US Consumer Price Index (CPI) released on Wednesday showed inflation rising 0.3% month-over-month (MoM) in February and 2.4% year-over-year (YoY), largely in line with market expectations. Core CPI, which excludes food and energy, increased 0.2% MoM and 2.5% YoY.

The relatively steady inflation figures reduced fears of a sudden surge in price pressures and reinforced expectations that the Federal Reserve may keep interest rates steady in the near term. Analysts note that the latest CPI report does not yet fully reflect the recent surge in oil prices caused by geopolitical developments.

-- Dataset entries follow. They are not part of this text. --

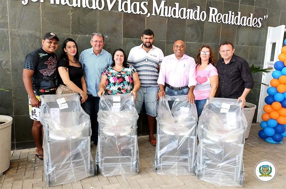 O Prefeito Clébio Pavone e o Secretário de Saúde Eugênio Gomes realizaram a entrega de cadeiras de rodas.
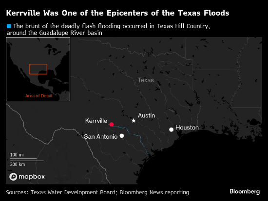 周五突发洪水时,“神秘营” 约有 750 名儿童,该营地位于圣安东尼奥西北约 85 英里(137 公里)处。得克萨斯州丘陵地区横跨该州中部 20 多个县的全部或部分区域,东部边缘的奥斯汀和圣安东尼奥发展迅速,正推动该地区从牧场向郊区转变。
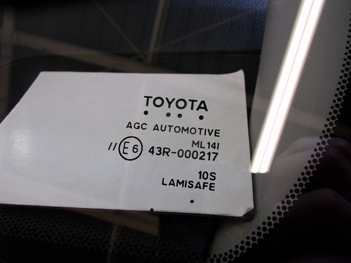今回交換したガラスの種類は、ブルーボカシ・湿度センサー・デジタルテレビアンテナ・遮音・ヘッドアップディスプレイ・運転支援システム用カメラ対応のトヨタ純正ガラスです。
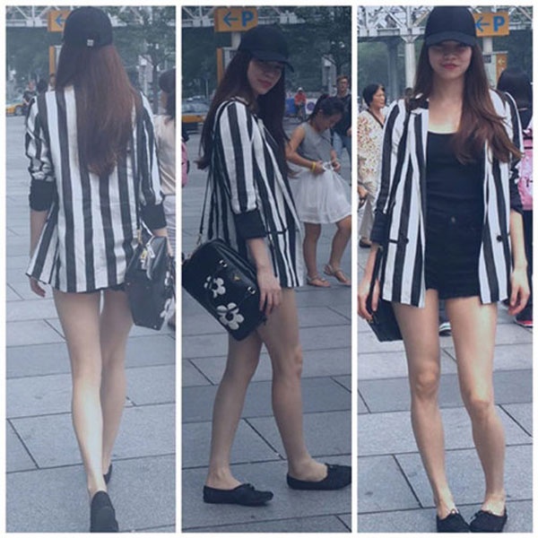 | Hồ Ngọc Hà tự tin với quần short ngắn và áo khoác kẻ sọc. |
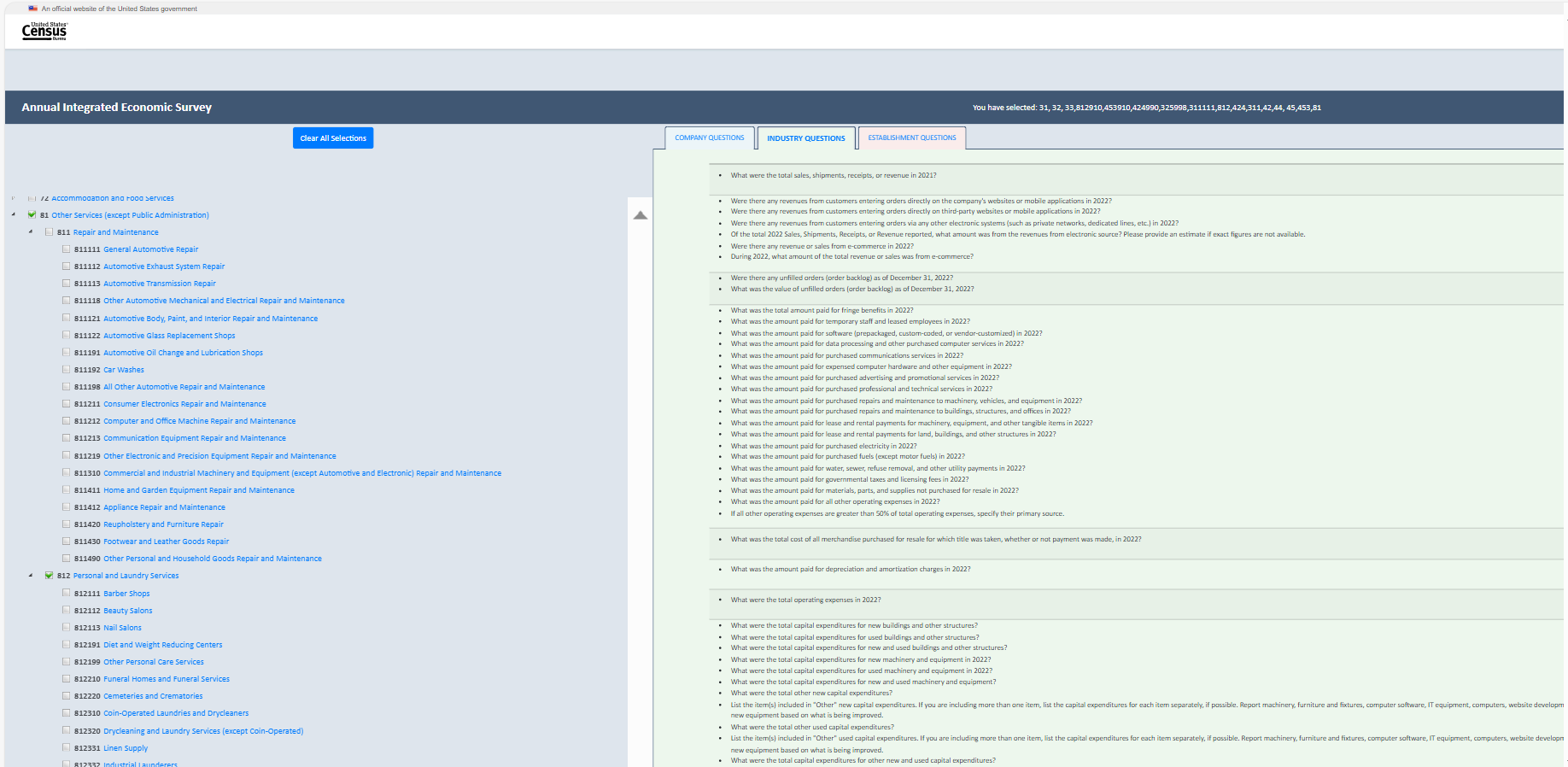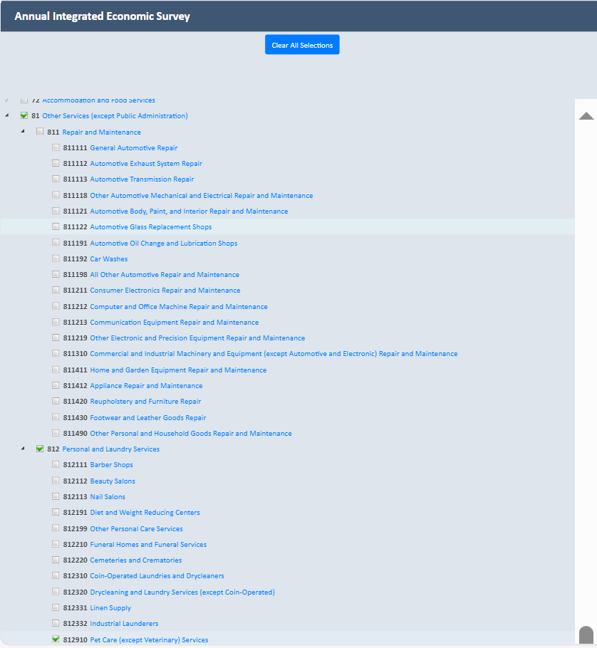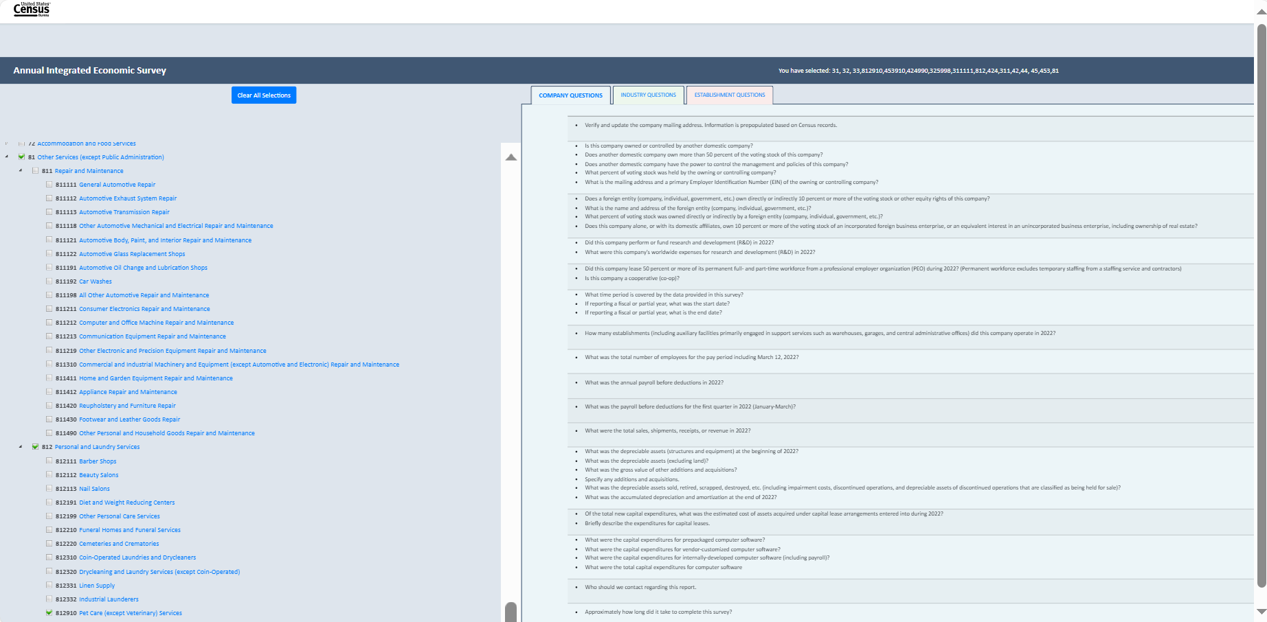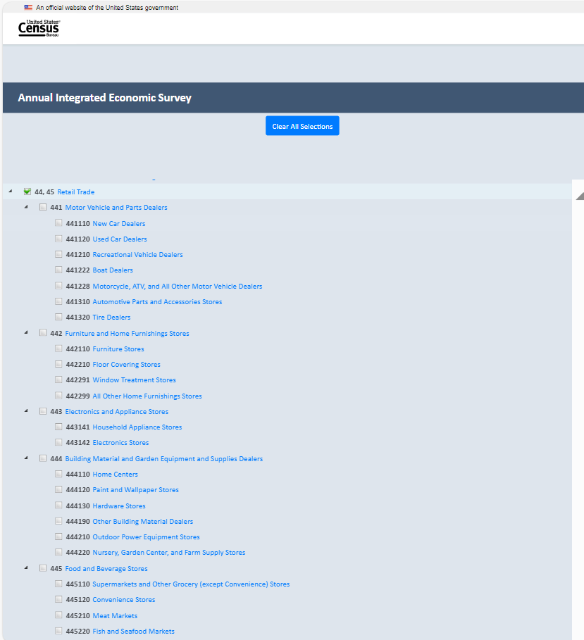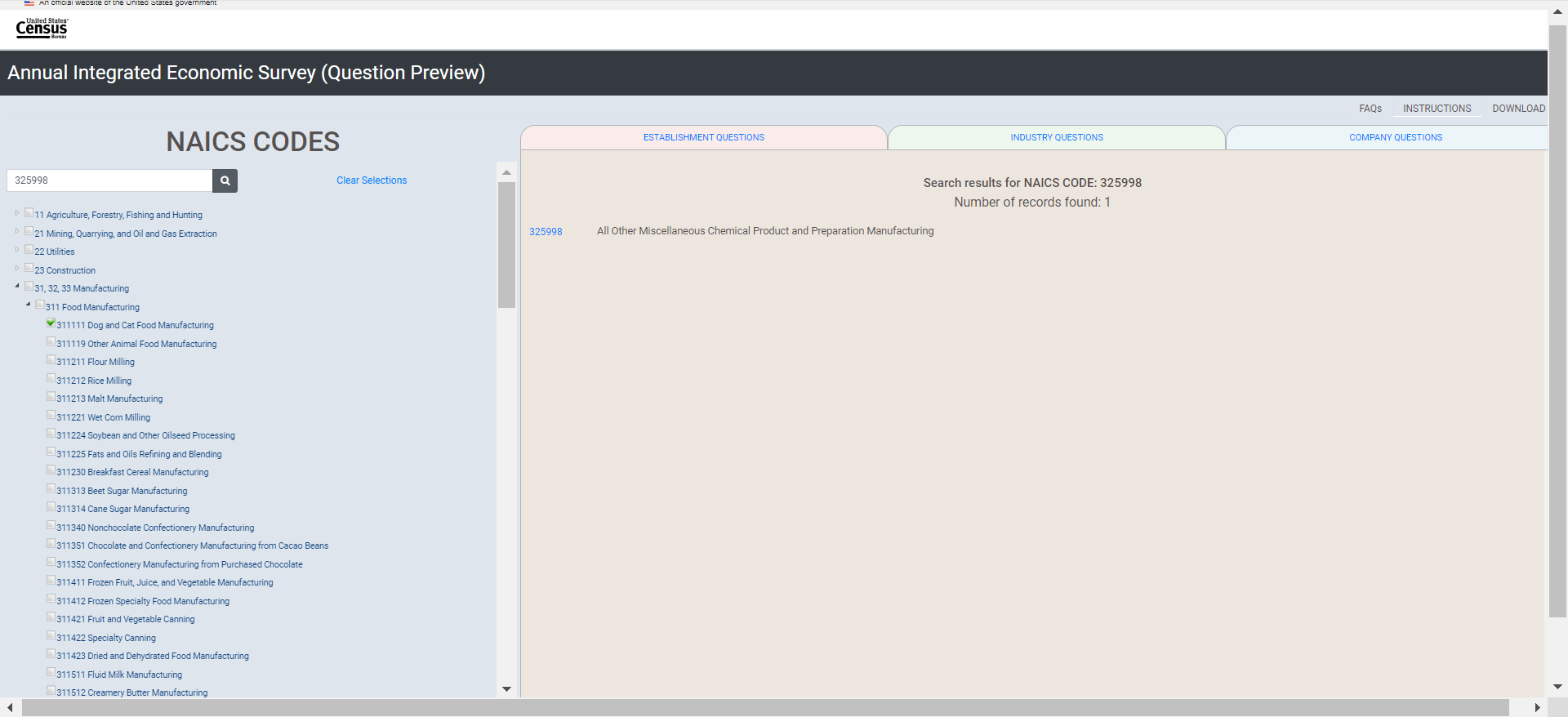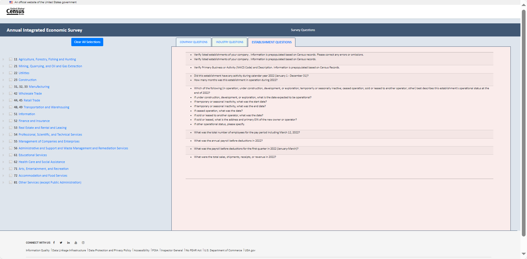 Establishment survey respondents often rely on a survey preview to support response. However, there is no designated survey form for the AIES as questions are specific to a company’s industry (or industries). As such, the Census Bureau developed an interactive content selection tool for previewing questions specific to a company’s assigned North American Industry Classification System (NAICS) code(s) to support response to the AIES.

The New Zealand Dollar (NZD) remains pressured as investors stay cautious amid rising geopolitical tensions in the Middle East. Surging energy prices are also fueling inflation concerns in New Zealand, with analysts expecting domestic price pressures to stay more persistent than previously anticipated, reinforcing expectations of further tightening by the Reserve Bank of New Zealand (RBNZ).

New Zealand Dollar FAQs

The New Zealand Dollar (NZD), also known as the Kiwi, is a well-known traded currency among investors. Its value is broadly determined by the health of the New Zealand economy and the country’s central bank policy. Still, there are some unique particularities that also can make NZD move. The performance of the Chinese economy tends to move the Kiwi because China is New Zealand’s biggest trading partner. Bad news for the Chinese economy likely means less New Zealand exports to the country, hitting the economy and thus its currency. Another factor moving NZD is dairy prices as the dairy industry is New Zealand’s main export. High dairy prices boost export income, contributing positively to the economy and thus to the NZD.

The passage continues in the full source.